Обстановка в каюте адмирала Фудзиты была столь же строгой, но Брент чувствовал себя здесь гораздо раскованнее, чем в командном пункте. По площади каюта совсем немного уступала ему. Старик прошествовал к полированному столу и знаком пригласил Брента, Дэйл, Йоси Мацухару и Реджинальда Уильямса садиться. Уильямс настоял на своем присутствии, а Фудзита согласился лишь после того, как Брент пообещал ему потом лично доставить лейтенанта в лазарет.

У него вдруг мелькнула мысль, что в плавании он тосковал по всему, что связано с этой каютой. За спиной адмирала неотъемлемый портрет Акихито, только на нем император в штатском, и в чертах лица никакой воинственности. Рядом с портретом здесь также висит алтарь. Вдоль каждой переборки тянутся полки с книгами, а под ними карты. Одна дверь ведет в личные покои адмирала, другая сообщается с каютой давно умершего флаг-адъютанта, теперь переоборудованной под библиотеку. Там Фудзита собрал тысячи томов, посвященных Второй мировой войне. И как старику удается переваривать столько информации? Он до сих пор нет-нет да поразит собеседника своими энциклопедическими знаниями.

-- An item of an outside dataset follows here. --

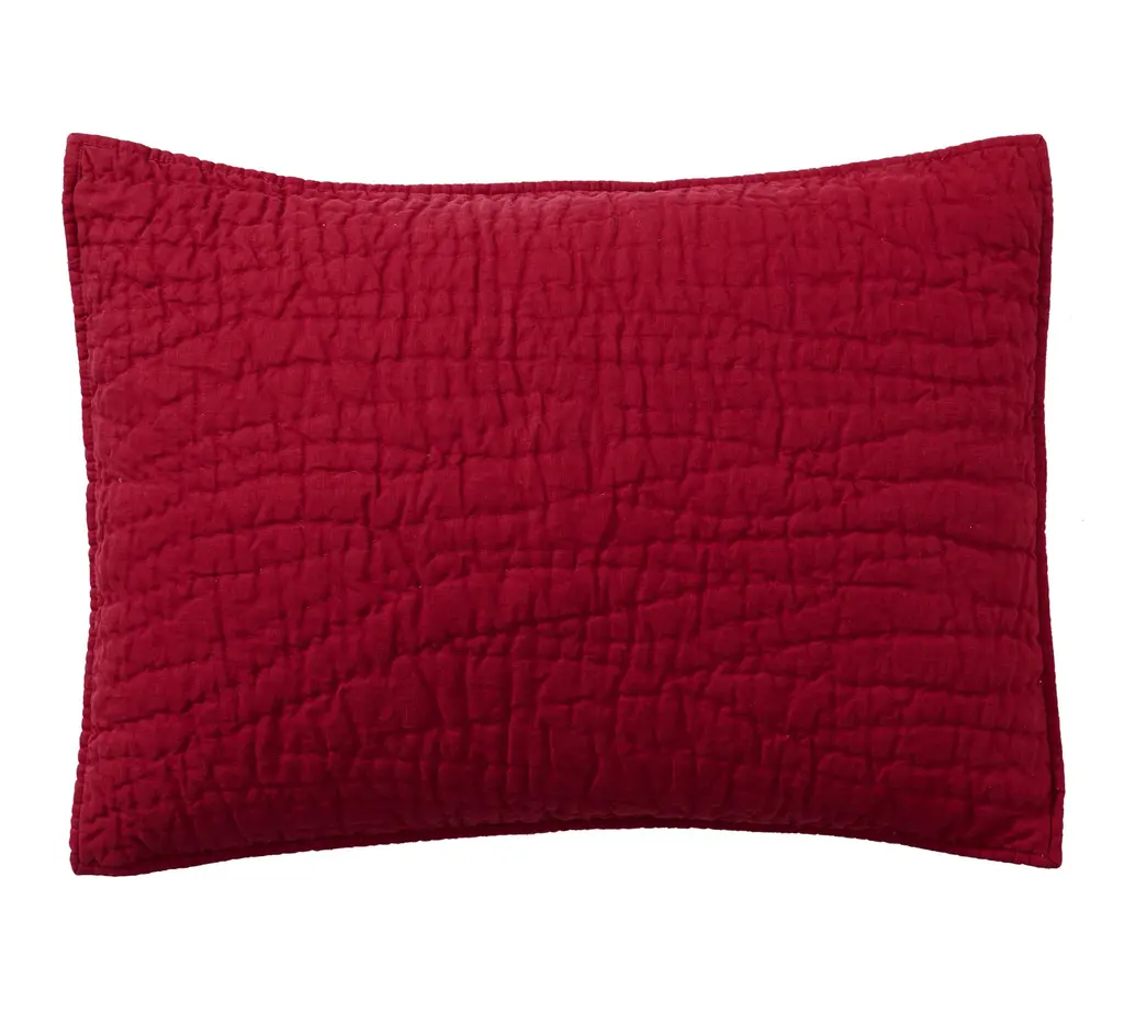 Open Box: Belgian Flax Linen Handcrafted Quilted Sham, Euro - Set Of 2 - Red Berry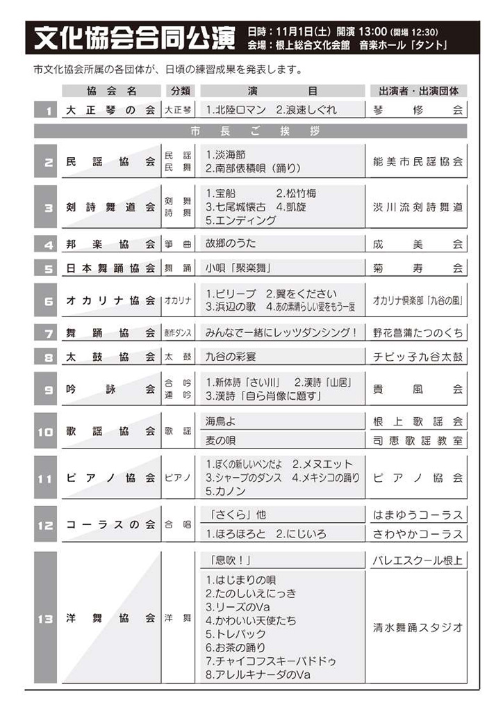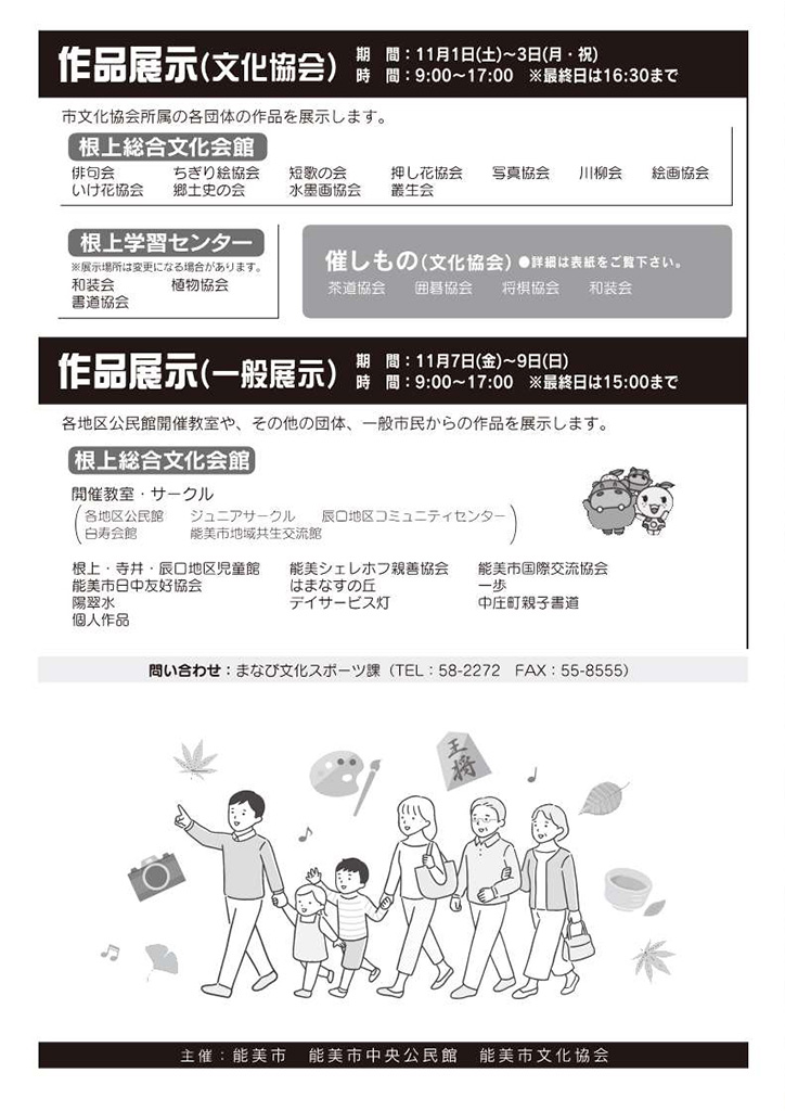 内容 | [文化祭作品展示] 11月1日(土)〜11月3日(月祝)……文化協会展示 11月7日(金)〜11月9日(日)……一般展示 [文化祭発表部門] 11月1日(土)……文化協会合同公演 11月8日(土)……市民文化・芸能大会 |

Столешница сверкает, как зеркало; на столе царит идеальный порядок. С краю плетенка из двух отделений с пометками: «входящая почта», «исходящая почта». В ящичке полированного эбенового дерева блокнот, карандаш, кисточка. Три телефона в ряд. Неизменный экземпляр «Хага-куре». Пол устлан ковром. Вокруг стола принайтованы к палубе пять обитых кожей стульев. Еще шесть втиснуты между книжными полками; два перед угловым столиком с установкой связи, за которой, мало чем отличаясь от предмета мебели, сидит писарь. Когда обсуждаются вопросы особой секретности, адмирал обычно отсылает его.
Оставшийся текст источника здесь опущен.